California, Arizona, Illinois, Maryland, Nevada, New Mexico, Oregon, Wyoming, and the District of Columbia are all a part of the litigation led by the FTC. 

"This supermarket mega-merger comes as American consumers have seen the cost of groceries rise steadily over the past few years. Kroger's acquisition of Albertsons would lead to additional grocery price hikes of everyday goods, further exacerbating the financial strain consumers across the country face today,” said Henry Liu, director of the FTC's Bureau of Competition. "Essential grocery store workers would also suffer under this deal, facing the threat of their wages dwindling, benefits diminishing, and their working conditions deteriorating." 

The proposed merger was originally announced in 2022 and would reportedly consolidate the ownership of Ralphs, Albertsons, Vons, and other large supermarket chains. If the consolidation were to go through, the new company would have almost 5,000 stores, 66 distribution centers, 52 manufacturing plants, 3,972 pharmacies, and 2,015 fuel centers.

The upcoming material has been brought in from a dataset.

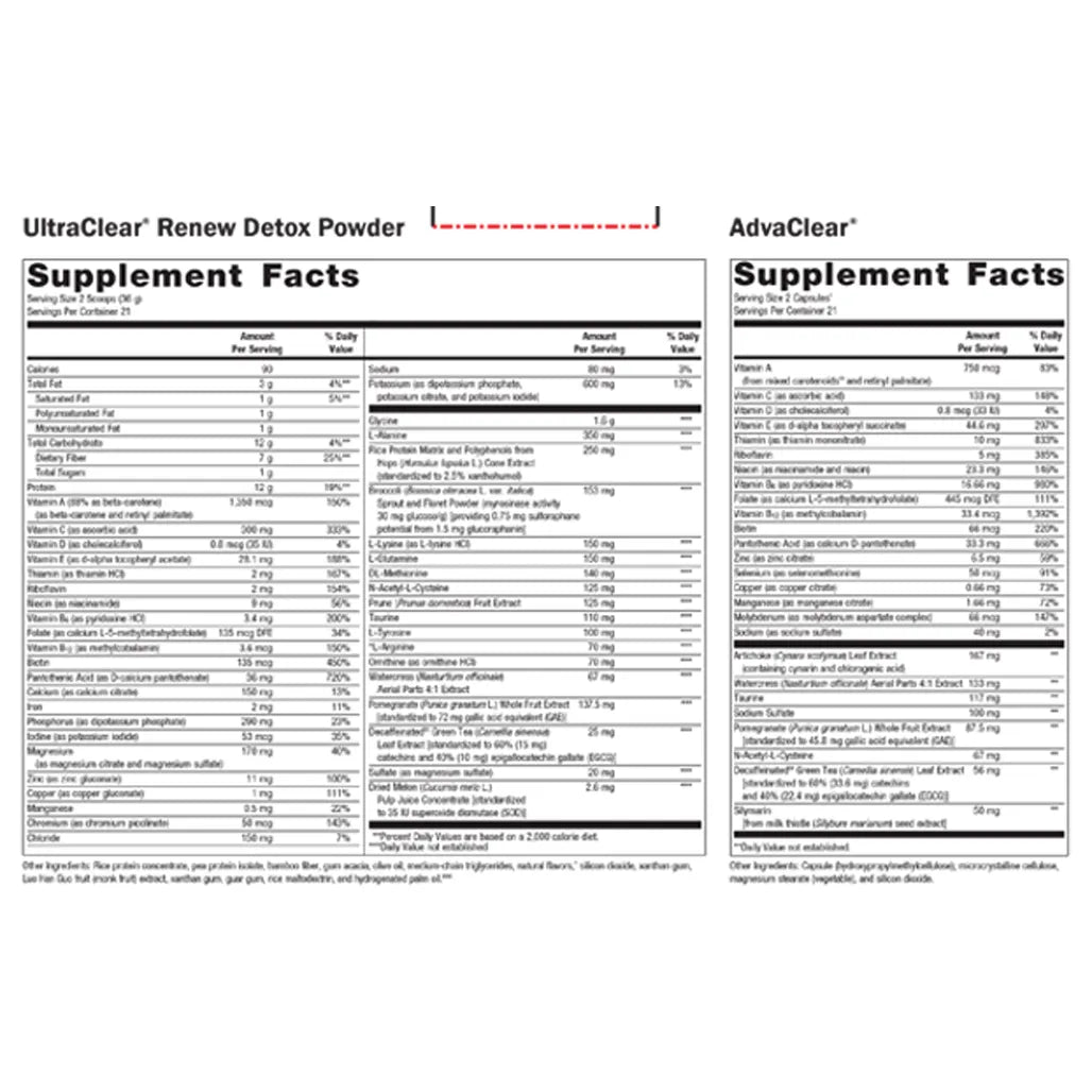 Ingredients:Rice protein concentrate, pea protein isolate, isomalto-oligosaccharide, apple fiber, organic cane sugar, L-glycine, magnesium citrate, natural flavors, dipotassium phosphate, olive oil, medium chain triglycerides, vitamin and mineral blend (ascorbic acid, zinc gluconate, rice malodextrin, d-alpha tocopheryl acetate, d-calcium pantothenate, beta-carotene, magnesium sulfate, D-biotin, niacinamide, copper gluconate, pyridoxine HCl, thiamin HCl, retinyl palmitate, riboflavin, potassium iodide, methylcobalamin, chromium picolinate, cholecalciferol, and calcium L-5-methyltetrahydrofolate), potassium citrate, calcium citrate, L-alanine, protein matrix and polyphenols from hops extract, L-lysine HCl, silica, xanthan gum, L-glutamine, broccoli sprout and floret powder, DL-methionine, pomegranate extract, N-acetyl-L-cysteine, prune skin extract, Luo Han Guo fruit (monk fruit) extract, guar gum, taurine, L-tyrosine, L-arginine, ornithine HCl, watercress aerial parts extract, decaffeinated green tea leaf extract, and melon pulp juice concentrate (hydrogenated palm oil‡‡ coated).AdvaClear®Supplement FactsServing Size 2 Capsules†Servings Per Container 21Amount Per Serving

In a new statement announcing the deal, Kroger said the new consolidated company foresees divesting some new stores. These stores will be a new stand-alone company established by Albertsons named SpinCo. The merger is a new effort by large grocery stores to compete with non-union stores such as Walmart and Costco. The United Food and Commercial Workers union has expressed opposition, noting that it will create a monopoly that would harm workers and raise prices for consumers.